Exercises (optional, obviously)
- What do you think the starting conditions look like? Add the t = 0 isochron to the graph and plot points A and B.
- Imagine there was a re-melting and re-cooling event at year 2; in our analogy, this would be like if the pavers came back after two years, tore up all the bricks, and sorted them into piles by what color they are now before re-paving in the same patterns as before. Obviously they’ll have lots of leftover gray bricks; they’ll just leave those out (the walkways will be smaller now). Don’t forget that when choosing a gray brick, they randomly end up with one that either has a flower or doesn’t.
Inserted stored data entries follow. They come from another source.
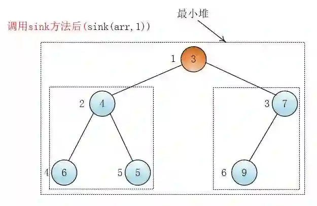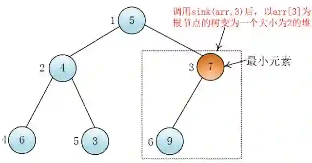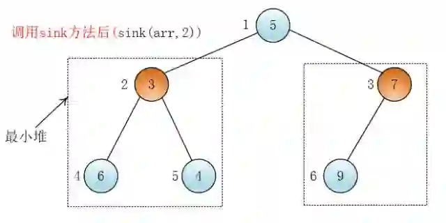 ③ 调整堆(sink(arr,1))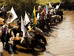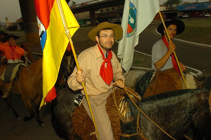 Jaisson Valim, depois de 600 quilômetros, levando a centelha com os mais de 30 integrantes da comitiva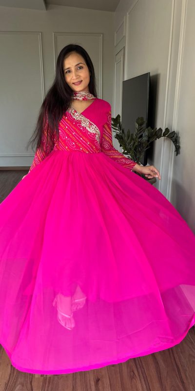 Fabrics Fabric:- pure Bandhej with Fox Georgette Work:- 3mm sequence Embroidery work Flair:- 3.5mtr Inner:- Micro Cotton Size:-  Free Size Sami Stitched Fully StitchedDupatta Fabric :- Fox Georgette Work :- 3mm sequence Embroidery work Length:- 2.30 Meter

What is the equation of the isochron line one year after this event?
Answers are at the end of the post.
Notes
Note 1: In the real world, usually three or more different minerals are used to cross-check the answer. The points should all fall on a line, and if they don’t you know that one of your assumptions broke down–usually, either because the system has either experienced some mixing with the surroundings, throwing off the counts, or the minerals you measured were not actually all formed at the same time. I love how clever scientists are in deducing useful things from obscure clues!
Note 2: Not all types of rock are suitable for isochron dating, since it requires there to be a second, naturally-occurring stable daughter isotope and multiple different types of mineral in the same rock. However, when you can’t use isochron dating, all is not lost! There are a couple of ways to get around this limitation. Certain mineral crystals fortunately include radioactive atoms but exclude all daughter isotopes when they form, allowing you to assume that the starting number of daughter atoms in the crystal is zero. Potassium-argon dating is one of those. For carbon dating, scientists have used all sorts of naturally carbon-storing fossils and structures, such as tree rings, corals, the shells of foraminifera (tiny marine shelly organisms), and stalagmites / stalactites, to create graphs of the proportion of radioactive to nonradioactive carbon present in the atmosphere over the last few thousand years. These are known as calibration curves, and there are many curves depending on whether you’re in the Northern or Southern Hemisphere, in the ocean, or near a nuclear bomb explosion site.
Conclusion
I hope this post was informative and not too hard to follow! If nothing else, I’m happy to have compiled all this into one place on the Internet. While most of us probably won’t have to actually use radiometric dating ourselves at any point (even paleontologists send their samples off to labs that specialize in it), it’s always interesting to understand how we know what we know. Thanks for reading!
Answers to exercises
1 -
2 - It would be the same as the graph of year 1, but shifted up, since now we’re starting with a higher proportion of plain to flowered bricks. The new equation would be \(y=x+\frac{47}{14}\).